Параллельный путь переосмысления малороссийской истории и культуры прошел и Пантелеймон Кулиш.

Ну, а пока, в «начале дел», все творчество Кулиша и его соратников питается духом русофобской «Истории русов».

Кирилло-мефодиевский период Кулиша выразился в «Повести об украинском народе» — «компиляции шкодливых выдумок, которые наши летописцы выдумывали про ляхов, да тех, что наши кобзари сочиняли про жидов, для возбуждения или для забавы казакам пьяницам, да тех, которые разобраны по апокрифам старинных будто бы сказаний и по подделанным еще при наших прадедах историческим документам. Это было одно из тех утопических и фантастических сочинений без критики, из каких сшита у нас вся история борьбы Польши с Москвою». Так охарактеризует повесть ее автор спустя 30 лет.

Именно в этот срок и укладывается эволюция Кулиша от ярого украинофила до неистового обличителя украинофильства.

Подвижки в этом направлении проявились в период работы над романом «Черная Рада, хроника 1663 года» (1845−57), когда автору пришлось всерьез обратиться историческим первоисточникам времен казатчины.

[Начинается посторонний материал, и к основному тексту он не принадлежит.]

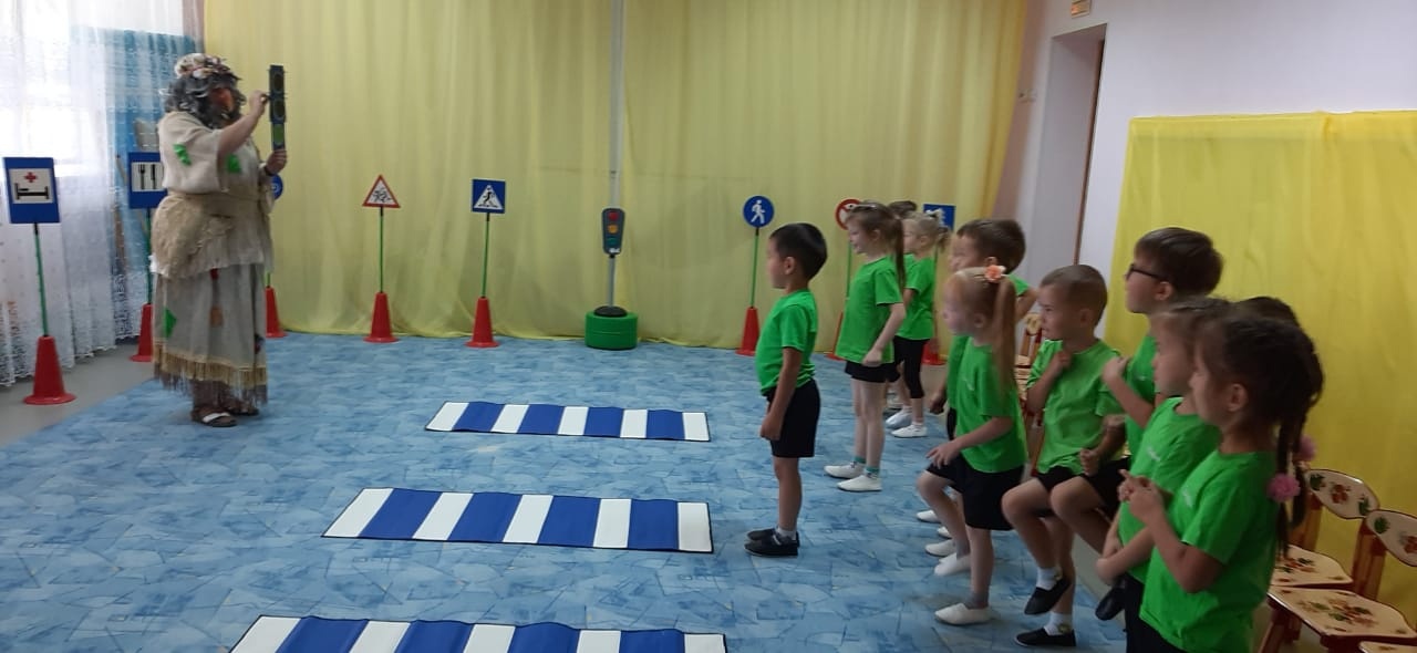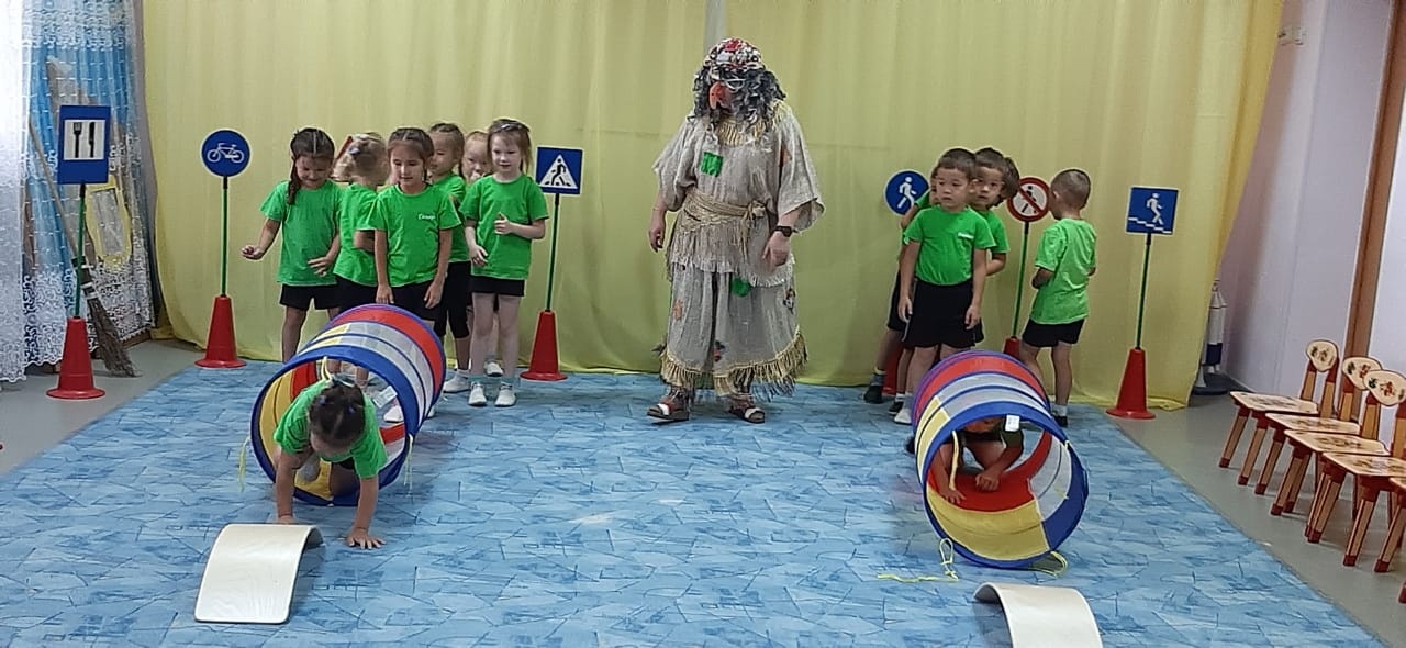 Дети играли в игры «Красный, жёлтый и зелёный», участвовали в эстафетах «Внимательный водитель», «Грузовые машины» и т.д., читали стихи о сигналах светофора, а так же назвали все знаки, которые были развешаны в стране дорожных знаков. Ребята с удовольствием отгадывали загадки о дорожных знаках. На протяжении всего мероприятия с детьми была Баба Яга, которая не знала и не соблюдала правила дорожного движения, но ребята ей всё показали и рассказали.
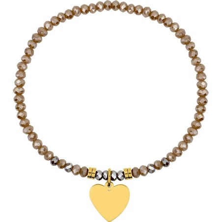 Bracelet élastiqué Amporelle cristaux roses et pampille coeur en acier doré
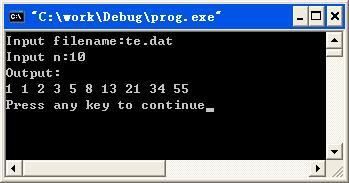 程序功能:将斐波拉契数列的前n项用二进制方式写入自命名文件中,然后从该文件中读取这n个数输出。
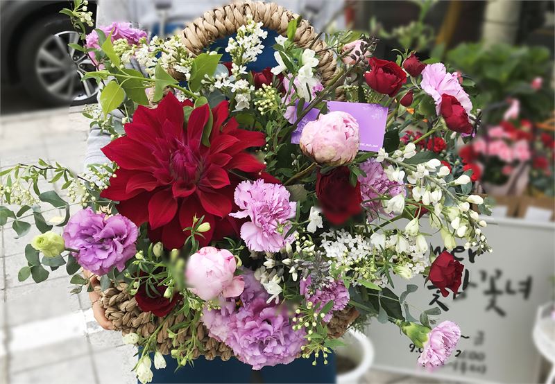 다알리아의 꽃말의 우아함이라고 하는데 꽃바구니 꽂은 다알리아 하나도 우아함이 돋보입니다.
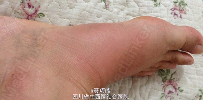 右侧足弓及足背见片状水肿性红斑,无水疱等,局部皮温较高,皮色红,触压痛不明显。
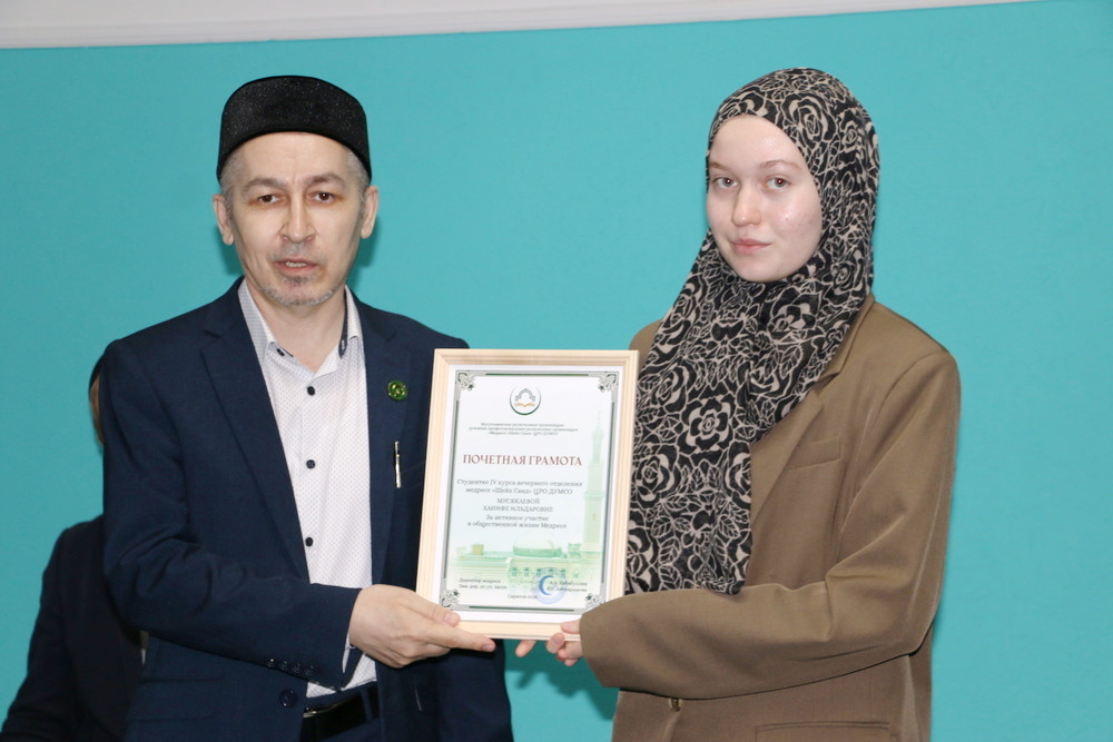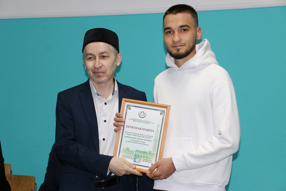 Отмечены были и заслуги учащихся. Те, кто принимал активное участие в жизни мусульманской общины, организации учебной деятельности и волонтерстве, удостоились почетных грамот. Всего памятные документы получили 15 учеников.
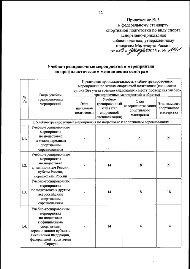 ПРИКАЗ Минспорта РФ от 15.12.2025 N 1161
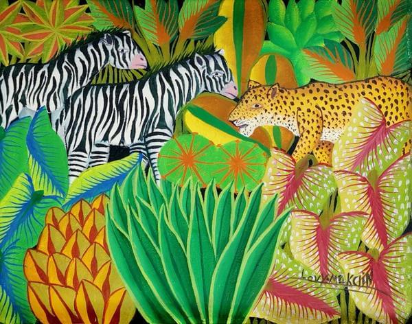 Zèbre et léopard, huile sur toile, signée, 20x26 cm
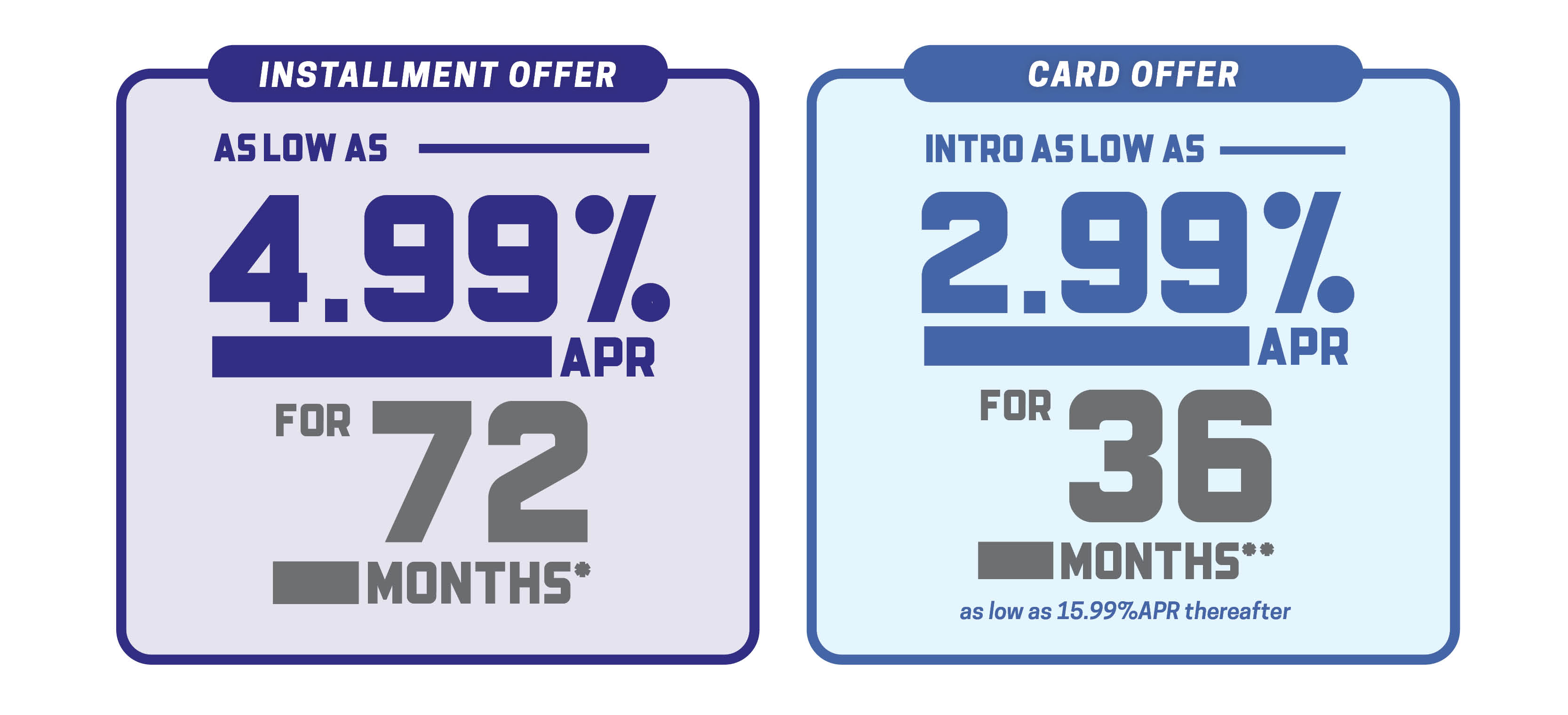 INTRO AS LOW AS 6.99% APR FOR 24 MONTHS, AS LOW AS 15.99% APR THEREAFTER1
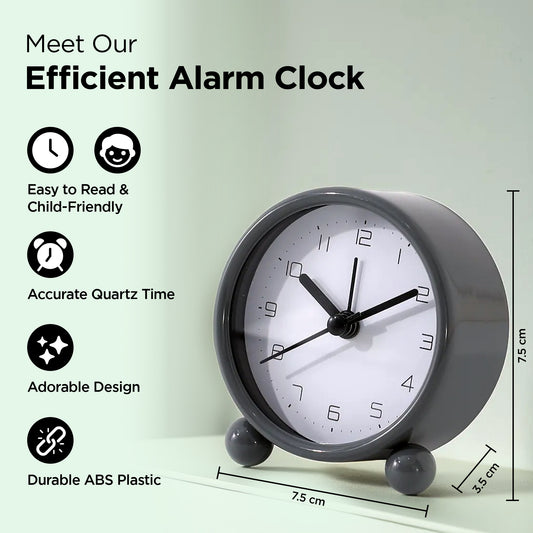 Alarm Clock (7.5cm) |Alarm Clock For Students |Loud Alarm Clock For Heavy Sleepers |Mini Alarm Clock For Kids |Alarm Clock For Bedroom |Table Watch|Round Shaped Table Clock For Study Table - Grey

Интересно, что именно к этому времени относят апогей его деятельности на поприще «украинского возрождения» — первый опыт создания «украинского высокого штиля» и соответствующего тому особого правописания (так называемой «кулишивки»). Необходимость такого рода нововведений Кулиш ощутил, когда решил изложить средствами малороссийской словесности Библию. Но, оказалось, что означенная словесность состояла лишь из слов, применяемых в крестьянском быту, и совершенно не оперировала «отвлеченными» понятиями. Так родился и первый опыт заимствования слов из польского или же и вовсе их выдумывания. Эксперимент этот даже завзятые украинофилы признали неудачным. И действительно, из разряда «Хай дуфае Сруль на Пана» (псаломный «Да уповает Израиль на Господа») воспринимались больно уж неблагозвучно.

Чуть позже Кулиш предпримет еще одну попытку «разработки малороссийского (южнорусского) языка», когда представит в канцелярию Госсовета перевод «для народа» Высочайшего Манифеста об отмене крепостного права. Ответом была резолюция, где «разработчику языка» советовалось «держаться сколь возможно ближе к тому языку и тем выражениям, кои употребляются ныне малороссийскими крестьянами». Ведь при переводе манифеста, сказалось полное отсутствие в малороссийском языке государственно-политической терминологии. И опять пришлось спешно ее «разрабатывать» путем введения полонизмов или коверканья русских слов. В результате получился текст, совершенно непонятный малороссийским крестьянам, которым он, собственно, и предназначался. «Напечатанный впоследствии в „Киевской старине“, он служил материалом для юмористики», — писал Николай Ульянов.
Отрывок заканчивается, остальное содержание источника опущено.